The guards led her to Rufo’s sanctum sanctorum. Its elegance and purity were unchanged, but she admired it less for the corruption she knew it hid. Rufo himself looked old and bitter despite his victory. His speech was rapid and sometimes hard to understand; he paced constantly, and he seemed unable to maintain eye contact with anyone but Haden B’shan; all of which, Roche noticed, he was apparently unaware.
A chair slid out of the floor beside her and she was forced into it. The others were treated likewise, despite Mavalhin’s protests. Disisto’s expression was tight-lipped, but he said nothing, seemingly confident that things would be sorted out with his boss soon enough. Haid sat straight in his chair and watched everything closely.
“So, Commander Roche.” Rufo spok
e with the disdain of a reproachful parent, stepping up to Morgan with his hands behind his back. “We meet again. Perhaps you will be more accommodating this time.”
“Perhaps you might show me the same courtesy,” Roche shot back.
Rufo shrugged, his eyes averted to the floor. “I suppose there were lies on both sides,” he acknowledged.
“Who was it that said that there are lies, and then there are damned lies?”
Rufo smiled humorlessly. “I believe the earliest recorded mention of that saying is some two hundred and fifty thousand years ago. The Human condition hasn’t changed much in that time, has it?”
“Obviously.”
“There will always be optimists whose dreams of a moral society are about as realistic, and as foolish, as those who believe in fate.”
“Look, Rufo,” said Roche, “we really don’t have time for this kind of banter. Why not just get on with it?”
He stopped pacing for a moment, but still his eyes wouldn’t meet hers. “Very well,” he said. “I want to know everything you know about Adoni Cane. And remember, Field Officer Shak’ni has his instructions, so please, no lies.”
Roche had already decided to tell him everything she knew. It wouldn’t hurt; he probably knew more than she did, anyway. So she started at the beginning—at Cane’s examination on Sciacca’s World—and brought him up to date. He nodded constantly, but didn’t say anything himself until she had finished.
“And you are satisfied with the explanation that he is a product of the Sol Apotheosis Movement—a Wunderkind, as they were called?”
“Not entirely,” she said. “There are inconsistencies.”
“Of course there are. We have images of these Wunderkind.
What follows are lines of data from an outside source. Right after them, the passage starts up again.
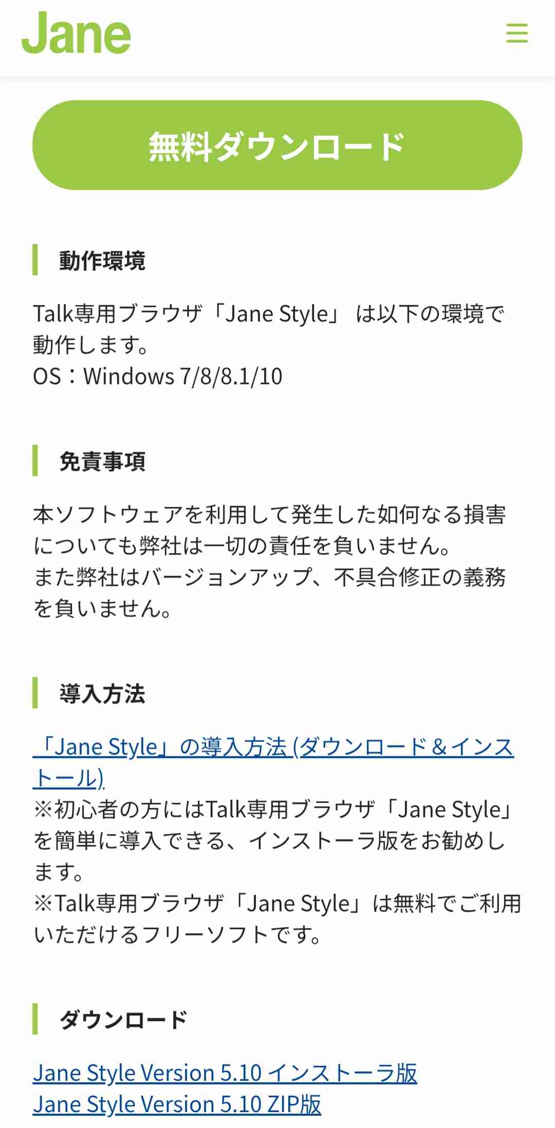 Talk専用ブラウザ「Jane Style」 は以下の環境で動作します。
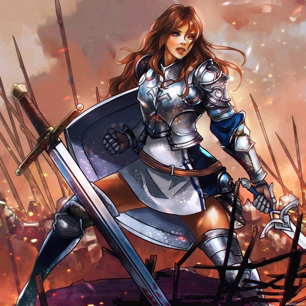 На картинке изображена рыжеволосая женщина-воин в доспехах и с мечом в руках. Судя по ее динамичной позе и окружающему хаосу, она находится в гуще битвы или готовится к ней.
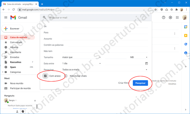 3. Na janela aberta, marque a opção “Com anexo” e clique no botão “Pesquisar” para filtrar os emails. Opcionalmente, você também pode digitar has:attachment na caixa de pesquisa e pressionar “Enter”.

They were quite remarkable.” A window opened above the desk; in it appeared a figure that looked as if it had been inflated with liquid helium. Its skin was bluish over limbs that bulged alarmingly. The scale next to it showed that it stood almost three meters high. “Do you agree?”
Startled, she didn’t know what to say. If Rufo had that image, then presumably COE Intelligence had it too. Why hadn’t the Box or her ex-superiors in COE Intelligence failed to notice the disparity between it and the near-perfect Pristine reality of Adoni Cane?